New Perspectives In NAD+ Therapeutics: Neurodegenerative Disease

Maintaining NAD+ levels seems to, hence, sustain basal metabolic function and health in neurons.

New Perspectives In NAD+ Therapeutics: Neurodegenerative Disease

New Perspectives in NAD+ Therapeutics: Neurodegenerative Disease

Although the elimination of neurons by axonal degradation plays a role in normal nervous system development, aberrant neuronal cell death is typical of insults such as trauma, and chemical toxicity or of aging and neurodegenerative disorders such as Parkinson’s disease, Alzheimer’s disease (AD), and amyotrophic lateral sclerosis (for review, see Wang et al., 2012).

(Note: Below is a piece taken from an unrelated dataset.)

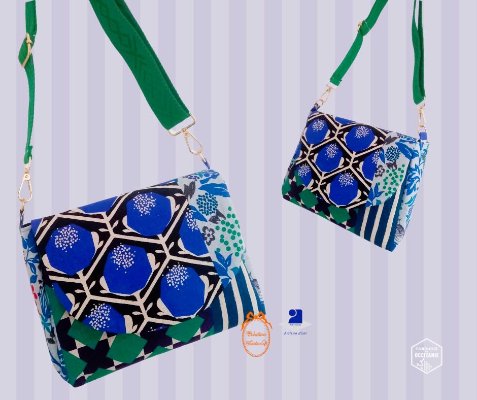 Atelier artisanal non ouvert au public. Achat du tissu et création selon la demande si c’est une commande ou improvisation selon mon humeur. Je compose mes patrons pour les sacs, trousses. Je travaille le coton, le velours, le taffetas et le lin. J’aime ajouter des galons, des ornements, des cristaux Swarovski. Le tissu est fabriqué en France. La création est fabriquée à Villeneuve-lès-Avignon. Pour les œuvres d’artistes : j’achète les droits de l’œuvre à l’artiste, un contrat est établi pour le nombre de pièces et l’exclusivité « Création Martine.B

Controversial Links between NMNAT and Neurodegenerative Phenotypes
Axon degradation had originally been assumed to be a passive process. However, this view changed with the characterization of the naturally occurring Wallerian degeneration slow (WldS) dominant mutation (Conforti et al., 2000). Rodent carriers of this mutation displayed a dramatic reduction in axonal degeneration in both central and peripheral neurons. The WldS mutant protein is a chimeric protein composed of the complete sequence of NMNAT1 fused to the ubiquitination factor E4B at the N terminus (Conforti et al., 2000, Mack et al., 2001). Efforts from diverse labs have since confirmed that it is the NMNAT enzymatic activity that is required to delay axon degeneration (Araki et al., 2004, Conforti et al., 2009, Gilley and Coleman, 2010, Llopis et al., 2000, Sasaki et al., 2009, Yahata et al., 2009, Yan et al., 2010), probably by promoting an increase in NAD+-directed SIRT1 activity (Araki et al., 2004). Interestingly, WldS mutant mice exhibit enhanced insulin secretion from isolated islets with an improvement in glucose homeostasis, also via an NAD+-directed activation of SIRT1 (Wu et al., 2011). Another study specifically demonstrated that it is the cytosolic distribution of NMNAT proteins that is crucial for slowing Wallerian degeneration (Sasaki et al., 2009). Further work should define changes in nuclear and cytosolic NAD+ levels, as most studies measure NAD+ in whole brain lysate, the outcome of which is confounded by the high level of NAD+ found in neuronal mitochondria.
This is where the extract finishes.